Christian devotional places in northern Italy

The Sacri Monti (plural of Sacro Monte, Italian for "Sacred Mountain") of Piedmont and Lombardy are a series of nine calvaries or groups of chapels and other architectural features created in northern Italy during the late sixteenth century and the seventeenth century. They are dedicated to various aspects of the Christian faith and are considered of great beauty by virtue of the skill with which they have been integrated into the surrounding natural landscape of hills, forests and lakes. They also house important artistic materials in the form of wall paintings and statuary. In 2003, they were named as a World Heritage Site.

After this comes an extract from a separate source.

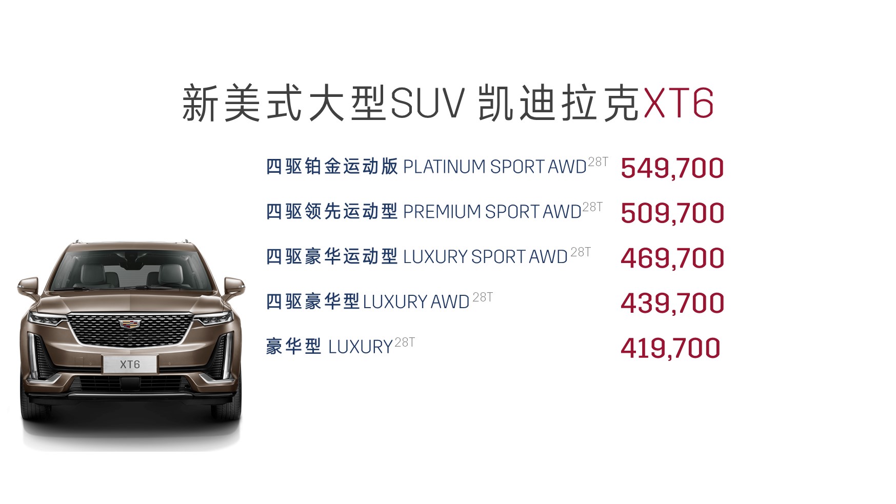 凯迪拉克XT6此次上市的车型全系共分5种不同配置,还提供5种车身颜色和4种内饰颜色选择,售价区间为41.97万至54.97万元。

==Model and characteristics ==
The model of the calvary or "holy mountain" is a Christian creation dating from the late fifteenth century, that during the Counter-Reformation spread from Italy to Europe and the New World. A calvary is a devotional complex standing on the slopes of a mountain, with a series of chapels or kiosks containing scenes from the life of Christ, the Virgin Mary or the Saints, in the form of painting or sculptures.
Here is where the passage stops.